New Approval Adds to Growing List of Therapies for B-cell Lymphoma
The FDA granted accelerated approval to another bispecific T-cell engager to treat certain B-cell lymphomas
The U.S. Food and Drug Administration (FDA) has granted accelerated approval to glofitamab-gxbm (Columvi) for select patients with B-cell lymphoma whose disease did not respond to or relapsed following two or more lines of systemic therapy.
The indication is for a subtype of diffuse large B-cell lymphoma (DLBCL) called DLBCL not otherwise specified (DLBCL, NOS) and for large B-cell lymphoma (LBCL) arising from follicular lymphoma.
Glofitamab-gxbm is a type of immunotherapy called a bispecific T-cell engager (BiTE). BiTEs are antibodies that can bind two different proteins simultaneously and are used to bring T cells and cancer cells in close proximity to allow the T cells to respond to the cancer cells. Glofitamab-gxbm binds the CD3 receptor present on T cells and the CD20 antigen that is highly expressed on B-cell lymphoma cells.
Another CD20/CD3-targeted BiTE, epcoritamab (Epkinly), recently received accelerated approval for certain B-cell lymphomas.
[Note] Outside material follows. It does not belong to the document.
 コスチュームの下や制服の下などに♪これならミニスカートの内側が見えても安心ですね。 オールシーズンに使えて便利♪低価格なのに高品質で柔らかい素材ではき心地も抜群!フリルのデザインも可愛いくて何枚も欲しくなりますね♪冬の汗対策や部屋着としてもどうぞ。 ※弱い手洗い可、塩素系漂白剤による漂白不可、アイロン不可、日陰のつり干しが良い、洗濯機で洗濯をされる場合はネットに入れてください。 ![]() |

Other BiTEs approved to treat hematologic malignancies include blinatumomab (Blincyto), teclistamab (Tecvayli), and mosunetuzumab (Lunsumio).
The approval of glofitamab-gxbm was based on results from the open-label, multicenter, single-arm NP30179 trial. In this phase I/II trial, the efficacy of glofitamab-gxbm was evaluated in 132 patients, 80% of whom had relapsed or refractory DLBCL, NOS, and 20% of whom had LBCL arising from follicular lymphoma. Patients had received two or more prior lines of systemic therapy.
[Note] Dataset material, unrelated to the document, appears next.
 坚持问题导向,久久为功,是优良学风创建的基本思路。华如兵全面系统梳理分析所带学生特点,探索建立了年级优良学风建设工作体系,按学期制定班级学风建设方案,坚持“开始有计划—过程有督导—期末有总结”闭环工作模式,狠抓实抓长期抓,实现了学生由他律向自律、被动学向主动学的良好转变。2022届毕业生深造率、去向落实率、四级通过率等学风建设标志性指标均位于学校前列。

The overall response rate was 56%, and 43% of patients experienced complete responses. The estimated median duration of response was 18.4 months.
The approval included a boxed warning indicating that the treatment can cause serious or life-threatening immune-related adverse reactions and should only be administered by qualified health care professionals with appropriate medical support.
LBCL is a type of non-Hodgkin lymphoma that arises from B cells. DLBCL is the most common form of LBCL and accounts for 30 to 40% of all non-Hodgkin lymphoma cases. Different subtypes of DLBCL exist. When a case doesn’t fit into any of those subtypes, it is classified as DLBCL, NOS. In some cases, follicular lymphoma, another type of B-cell lymphoma that is usually slow-growing, can be a precursor to LBCL.
According to federal statistics, approximately 80,550 individuals will be diagnosed with non-Hodgkin lymphoma, and 20,180 patients would die of the disease in the U.S. in 2023.
The FDA rendered its decision on June 15, 2023. Accelerated approval means that continued approval may be contingent upon a confirmatory trial.